Actual Occupation

Critically analyse the case law that has developed on the meaning of ‘actual occupation’ under the Land Registration Act 2002. In light of that case law, do you think that the current system adequately balances protection for those with overriding interests in actual occupation of land against protection for purchasers who rely upon the register?”This assignment is designed to assess learning outcomes:

1) Demonstrate an understanding of the principles underlying land law, 
2) Critically analyse the principles of land law and relevant case law as applied in practice.
3) Demonstrate knowledge and understanding of proposals for reform (where applicable).

This assignment is an individual assignment.

Criteria for Assessment

1. The student is expected to understand the principles and procedures in this area of law and to research and identify the developments in recent cases and statutes in the law relating to registered titles to land.
2. The student should understand and explain the varying decisions of case law, if appropriate 
3. The student should critically analyse the case law and determine whether the cases are appropriate to the question.
4. The student should identify any perceived weaknesses in the current systems of registered titles land. 
5. The student should consider whether such perceived weaknesses have a valid role to play in the system of registered land ownership. 
6. It is important that, despite the opinions of others you may find during your research, you explain this in your OWN words so that your understanding can be assessed.

You must follow the style below as part of the assessment criteria. You will lose marks if you do not follow these guidelines when preparing your coursework.

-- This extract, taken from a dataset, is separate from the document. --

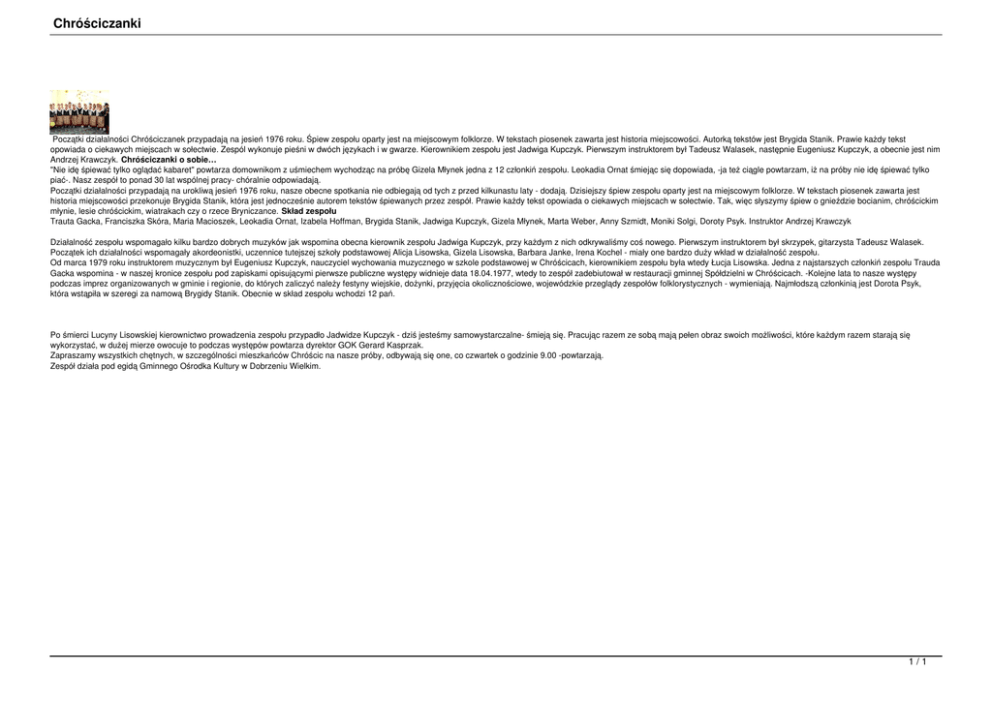 Chróściczanki Początki działalności Chróściczanek przypadają na jesień 1976 roku. Śpiew zespołu oparty jest na miejscowym folklorze. W tekstach piosenek zawarta jest historia miejscowości. Autorką tekstów jest Brygida Stanik. Prawie każdy tekst opowiada o ciekawych miejscach w sołectwie. Zespól wykonuje pieśni w dwóch językach i w gwarze. Kierownikiem zespołu jest Jadwiga Kupczyk. Pierwszym instruktorem był Tadeusz Walasek, następnie Eugeniusz Kupczyk, a obecnie jest nim Andrzej Krawczyk. Chróściczanki o sobie… "Nie idę śpiewać tylko oglądać kabaret" powtarza domownikom z uśmiechem wychodząc na próbę Gizela Młynek jedna z 12 członkiń zespołu. Leokadia Ornat śmiejąc się dopowiada, -ja też ciągle powtarzam, iż na próby nie idę śpiewać tylko piać-. Nasz zespół to ponad 30 lat wspólnej pracy- chóralnie odpowiadają. Początki działalności przypadają na urokliwą jesień 1976 roku, nasze obecne spotkania nie odbiegają od tych z przed kilkunastu laty - dodają. Dzisiejszy śpiew zespołu oparty jest na miejscowym folklorze. W tekstach piosenek zawarta jest historia miejscowości przekonuje Brygida Stanik, która jest jednocześnie autorem tekstów śpiewanych przez zespół. Prawie każdy tekst opowiada o ciekawych miejscach w sołectwie. Tak, więc słyszymy śpiew o gnieździe bocianim, chróścickim młynie, lesie chróścickim, wiatrakach czy o rzece Bryniczance. Skład zespołu Trauta Gacka, Franciszka Skóra, Maria Macioszek, Leokadia Ornat, Izabela Hoffman, Brygida Stanik, Jadwiga Kupczyk, Gizela Młynek, Marta Weber, Anny Szmidt, Moniki Solgi, Doroty Psyk. Instruktor Andrzej Krawczyk Działalność zespołu wspomagało kilku bardzo dobrych muzyków jak wspomina obecna kierownik zespołu Jadwiga Kupczyk, przy każdym z nich odkrywaliśmy coś nowego. Pierwszym instruktorem był skrzypek, gitarzysta Tadeusz Walasek. Początek ich działalności wspomagały akordeonistki, uczennice tutejszej szkoły podstawowej Alicja Lisowska, Gizela Lisowska, Barbara Janke, Irena Kochel - miały one bardzo duży wkład w działalność zespołu. Od marca 1979 roku instruktorem muzycznym był Eugeniusz Kupczyk, nauczyciel wychowania muzycznego w szkole podstawowej w Chróścicach, kierownikiem zespołu była wtedy Łucja Lisowska. Jedna z najstarszych członkiń zespołu Trauda Gacka wspomina - w naszej kronice zespołu pod zapiskami opisującymi pierwsze publiczne występy widnieje data 18.04.1977, wtedy to zespół zadebiutował w restauracji gminnej Spółdzielni w Chróścicach. -Kolejne lata to nasze występy podczas imprez organizowanych w gminie i regionie, do których zaliczyć należy festyny wiejskie, dożynki, przyjęcia okolicznościowe, wojewódzkie przeglądy zespołów folklorystycznych - wymieniają. Najmłodszą członkinią jest Dorota Psyk, która wstąpiła w szeregi za namową Brygidy Stanik. Obecnie w skład zespołu wchodzi 12 pań. Po śmierci Lucyny Lisowskiej kierownictwo prowadzenia zespołu przypadło Jadwidze Kupczyk - dziś jesteśmy samowystarczalne- śmieją się. Pracując razem ze sobą mają pełen obraz swoich możliwości, które każdym razem starają się wykorzystać, w dużej mierze owocuje to podczas występów powtarza dyrektor GOK Gerard Kasprzak. Zapraszamy wszystkich chętnych, w szczególności mieszkańców Chróścic na nasze próby, odbywają się one, co czwartek o godzinie 9.00 -powtarzają. Zespół działa pod egidą Gminnego Ośrodka Kultury w Dobrzeniu Wielkim. 1/1

Primary and secondary sources
• Distinguish clearly between primary sources (the original source of the law, e.g., a case) and secondary sources (a commentary or explanation of the law, e.g., a book).
• To avoid charges of plagiarism and failure to cite sources, clearly cite and credit these sources. 
• Lecture notes and handouts are not sources – never cite them in your essay/bibliography
• Adopt the Oxford method of referencing: Paul Richards, Law of Contract (5th ed. Longman 2007) – author’s name, initial, title, edition, publisher, year 
• Refer to a specific page thus: Paul Richards, Law of Contract (5th ed. Longman 2007), at page 259.
• Do not use textbooks, or articles, as primary sources: Carlill v Carbolic Smoke Ball Co, page 33 of Richards, Law of Contract is wrong!!
• Do not use and cite inappropriate and sub-degree texts, such as Nutshells.
• Adopt the Oxford method: Richard Nobles, and David Schiff, ‘The Right to Appeal and Workable Systems of Justice’ (2002) 65 (5) MLR 676 – author, title of article, year of publication, volume number, issue number, page at which the article starts.
• Refer to specific pages of the article as with Books above.
• Learn to use the relevant abbreviation for the journal: eg, MLR, LQR, OJLS
• Do not use the cataloguing system provided by search engines: Modern Law Review Vol 75, Issue No 3 (Summer) 666-690.
• Do not use and cite inappropriate websites – never cite wikipedia!!
• The website should not be cited as a substitute for the proper reference: cite the law report, article etc and then refer to the website in your bibliography, with the specific page of that website, together with the date you last accessed the site. 
• You may cite a website as a source if that information is only available on that site.
• Case names should be highlighted, preferably in italics: Carlill v Carbolic Smoke Ball Co.
• The reference for the relevant law report should be given, preferably in a footnote: [1893] 1 QB 256.
• Extracts from judgments should refer to the page or paragraph number: [1893] 1 QB 256, Bowen LJ, at 265E.
• A newspaper report is acceptable if no law report reference is available: Potter v Scottish Ministers, The Times, 4 April 2007.
Statutory sources
• The short title of the Act of Parliament should be given: ‘The Human Rights Act 1998 (hereafter the Act or the 1998 Act) was passed …’
• Specific sections should be cited: s.10 Human Rights Act 1998; s.1 for section; ss.1 and 2 for sections; s.1(2) for section and sub-section.
• If you cite an article from a treaty you can cite it as Art. 1, Article 1 or article 1.
• Provide the proper citation for secondary legislation: Prison Rules 1999 (SI 1999/728).
Latin words and phrases
• Put Latin words and phrases in italics – inter alia, volenti non fit injuria
• You may use Latin words when referring to previous references (op cit, ibid, supra etc) or you can simply say, see note 4, above or see note 10, below.